- [EXERCISE INPUTS]

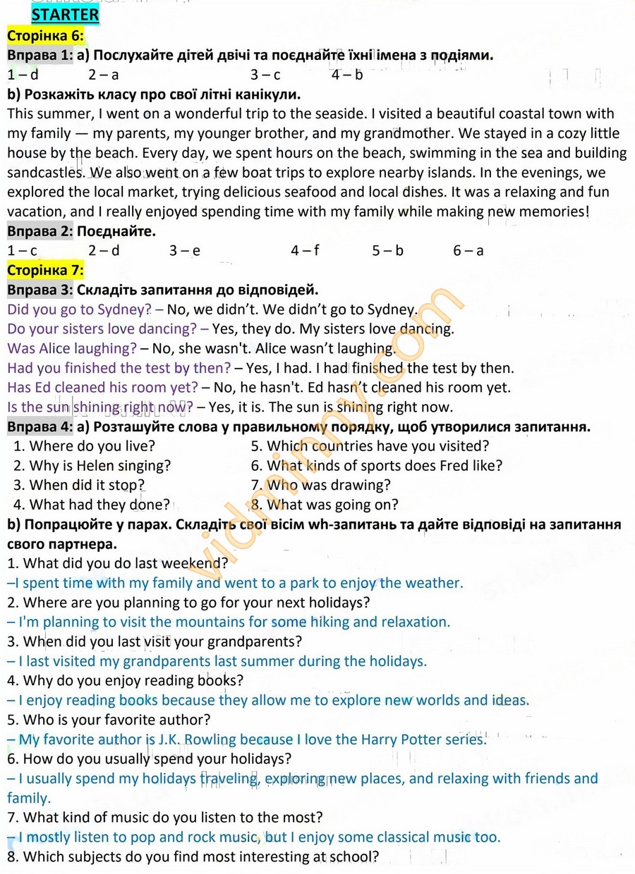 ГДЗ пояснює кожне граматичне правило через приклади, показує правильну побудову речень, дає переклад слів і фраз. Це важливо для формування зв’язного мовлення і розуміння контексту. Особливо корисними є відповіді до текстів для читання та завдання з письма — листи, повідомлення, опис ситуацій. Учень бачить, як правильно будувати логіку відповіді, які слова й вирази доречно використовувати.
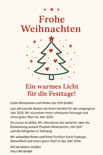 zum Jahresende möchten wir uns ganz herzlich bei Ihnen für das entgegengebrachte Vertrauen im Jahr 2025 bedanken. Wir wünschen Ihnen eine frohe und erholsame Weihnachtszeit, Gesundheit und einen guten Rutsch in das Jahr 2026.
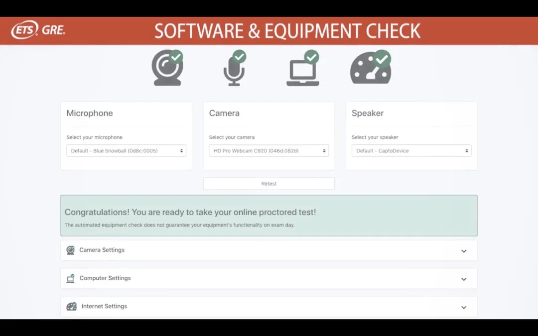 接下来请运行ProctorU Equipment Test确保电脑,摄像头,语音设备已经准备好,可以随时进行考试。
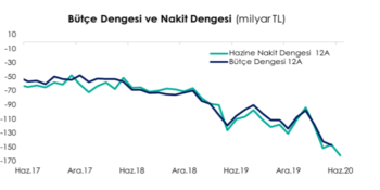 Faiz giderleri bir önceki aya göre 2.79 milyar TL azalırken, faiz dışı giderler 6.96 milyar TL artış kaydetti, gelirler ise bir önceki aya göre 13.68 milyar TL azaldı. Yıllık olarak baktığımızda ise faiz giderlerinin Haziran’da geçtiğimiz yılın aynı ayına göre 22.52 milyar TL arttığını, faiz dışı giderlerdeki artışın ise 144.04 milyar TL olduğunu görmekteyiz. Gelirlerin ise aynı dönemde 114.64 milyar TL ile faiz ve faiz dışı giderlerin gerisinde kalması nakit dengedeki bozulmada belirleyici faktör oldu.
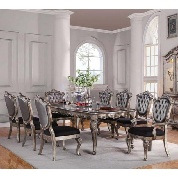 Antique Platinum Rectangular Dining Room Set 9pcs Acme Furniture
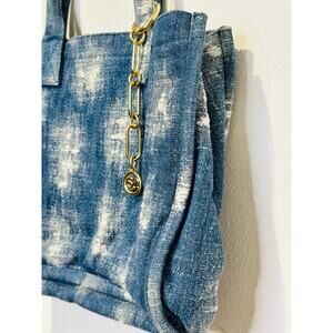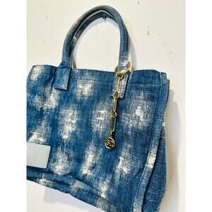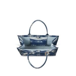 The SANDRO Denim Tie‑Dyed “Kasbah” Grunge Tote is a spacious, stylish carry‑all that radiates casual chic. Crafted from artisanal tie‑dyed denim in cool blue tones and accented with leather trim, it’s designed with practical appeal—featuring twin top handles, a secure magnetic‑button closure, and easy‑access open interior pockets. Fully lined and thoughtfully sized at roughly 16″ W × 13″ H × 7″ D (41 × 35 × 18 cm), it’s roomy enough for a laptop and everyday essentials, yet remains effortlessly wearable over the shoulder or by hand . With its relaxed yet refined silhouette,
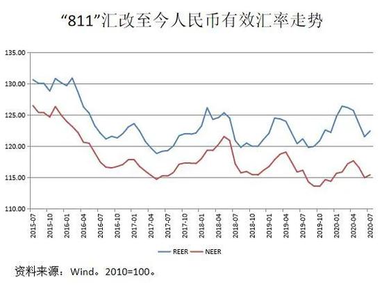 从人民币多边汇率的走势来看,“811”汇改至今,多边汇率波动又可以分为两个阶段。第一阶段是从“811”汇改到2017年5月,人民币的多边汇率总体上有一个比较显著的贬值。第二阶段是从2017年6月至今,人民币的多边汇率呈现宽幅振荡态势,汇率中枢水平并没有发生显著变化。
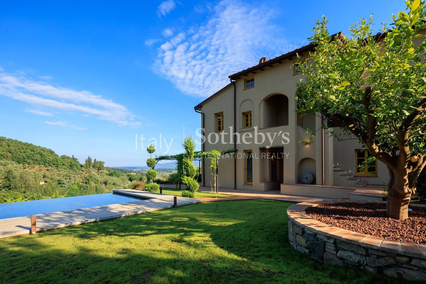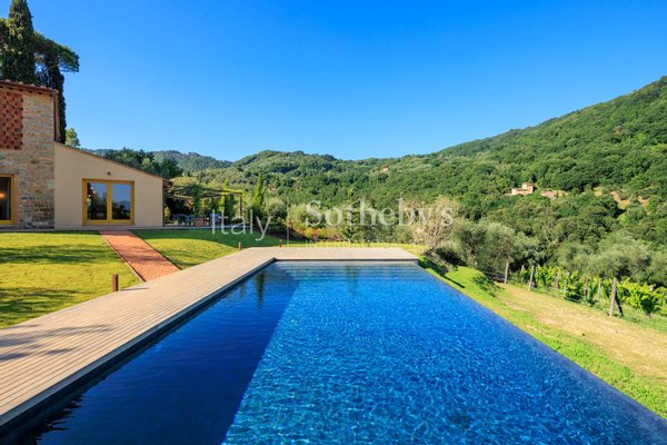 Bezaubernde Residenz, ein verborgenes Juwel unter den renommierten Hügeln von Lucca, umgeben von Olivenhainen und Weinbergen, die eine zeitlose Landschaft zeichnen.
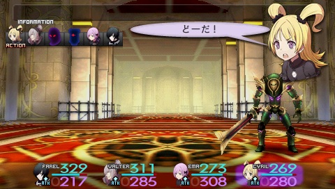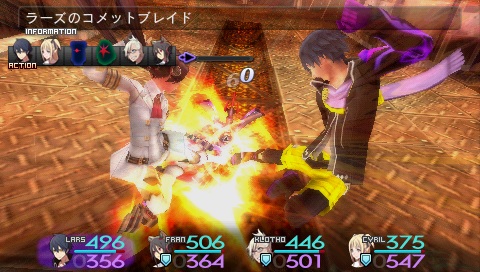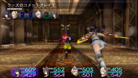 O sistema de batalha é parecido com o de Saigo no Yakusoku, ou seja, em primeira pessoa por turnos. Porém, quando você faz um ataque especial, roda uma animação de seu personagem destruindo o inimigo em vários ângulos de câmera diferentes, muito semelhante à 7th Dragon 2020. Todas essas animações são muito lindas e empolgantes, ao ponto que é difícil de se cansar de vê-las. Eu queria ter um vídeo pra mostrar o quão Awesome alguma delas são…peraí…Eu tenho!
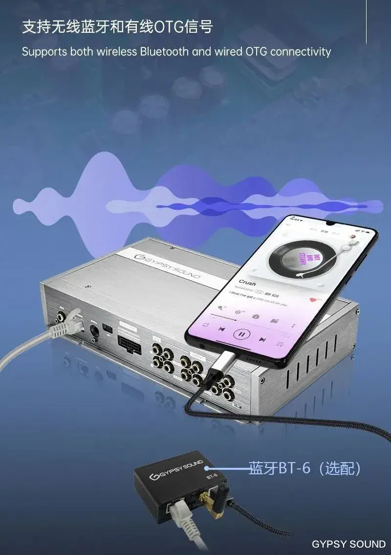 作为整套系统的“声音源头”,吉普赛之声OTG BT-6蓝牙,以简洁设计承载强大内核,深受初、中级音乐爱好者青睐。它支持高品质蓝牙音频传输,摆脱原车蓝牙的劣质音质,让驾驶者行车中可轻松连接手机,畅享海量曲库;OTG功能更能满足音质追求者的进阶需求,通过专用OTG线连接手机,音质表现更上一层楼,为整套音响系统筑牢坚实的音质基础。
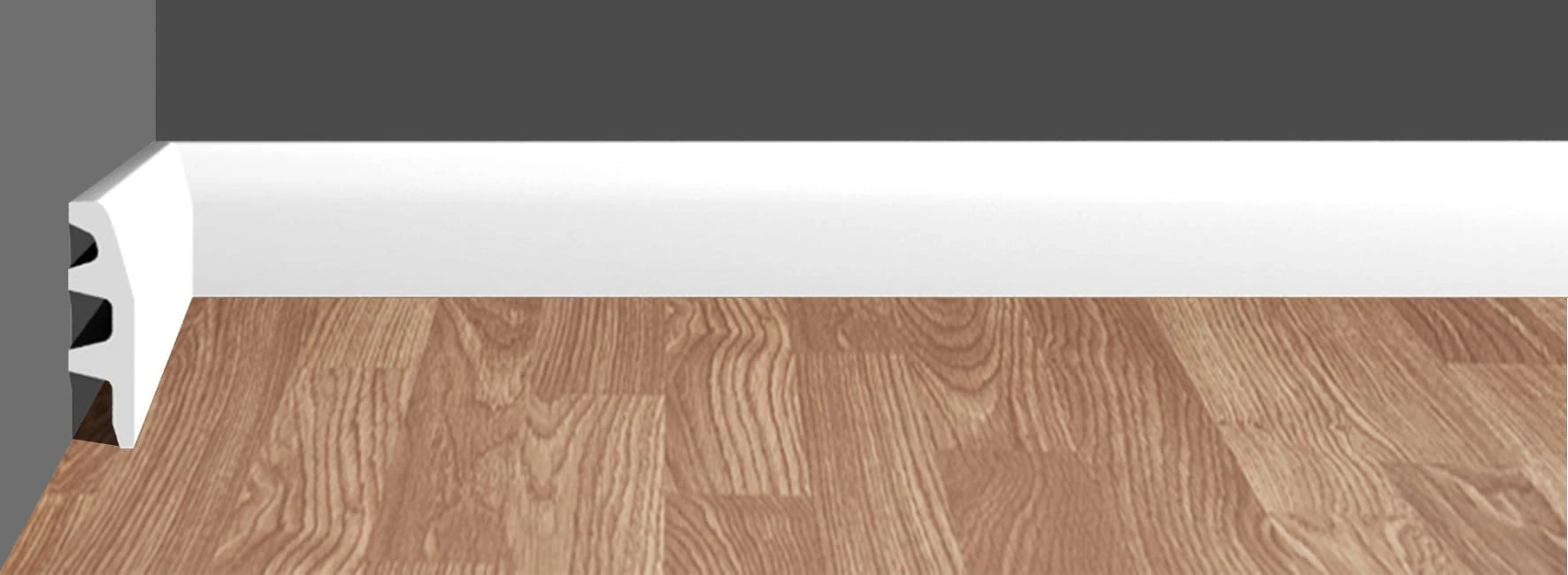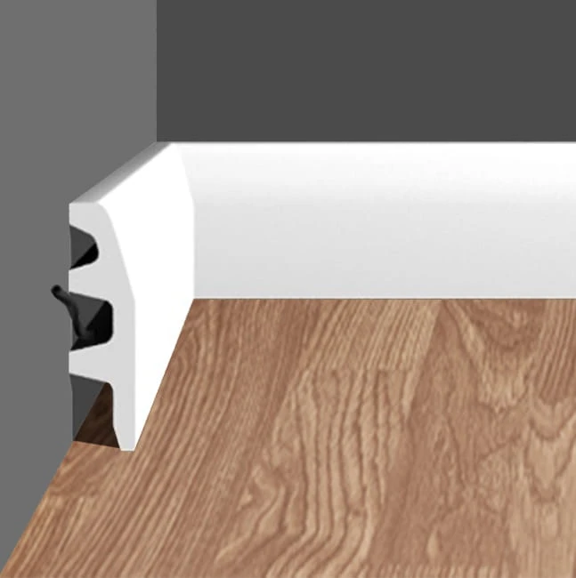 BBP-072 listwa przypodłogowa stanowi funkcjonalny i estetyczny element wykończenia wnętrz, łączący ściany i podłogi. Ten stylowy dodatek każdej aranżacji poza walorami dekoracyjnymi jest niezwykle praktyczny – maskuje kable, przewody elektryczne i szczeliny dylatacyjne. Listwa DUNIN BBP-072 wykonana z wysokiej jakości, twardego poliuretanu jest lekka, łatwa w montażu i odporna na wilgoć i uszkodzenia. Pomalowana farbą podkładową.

--

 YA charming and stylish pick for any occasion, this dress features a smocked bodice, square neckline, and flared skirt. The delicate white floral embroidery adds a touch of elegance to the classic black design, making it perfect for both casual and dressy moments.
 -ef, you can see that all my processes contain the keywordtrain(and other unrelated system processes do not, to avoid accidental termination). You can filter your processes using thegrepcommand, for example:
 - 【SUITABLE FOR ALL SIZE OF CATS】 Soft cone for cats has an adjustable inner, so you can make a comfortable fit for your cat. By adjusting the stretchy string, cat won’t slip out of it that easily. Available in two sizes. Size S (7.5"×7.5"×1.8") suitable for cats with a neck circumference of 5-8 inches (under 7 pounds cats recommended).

- [YOUR GOAL] Could you reproduce, exactly, every line above from the line with "-ef, you can" to the line with "- 【SUITABLE FOR", and no other line? Both ends count.

- [RESPONSE TO THIS TASK]
 -ef, you can see that all my processes contain the keywordtrain(and other unrelated system processes do not, to avoid accidental termination). You can filter your processes using thegrepcommand, for example:
 - 【SUITABLE FOR ALL SIZE OF CATS】 Soft cone for cats has an adjustable inner, so you can make a comfortable fit for your cat. By adjusting the stretchy string, cat won’t slip out of it that easily. Available in two sizes. Size S (7.5"×7.5"×1.8") suitable for cats with a neck circumference of 5-8 inches (under 7 pounds cats recommended).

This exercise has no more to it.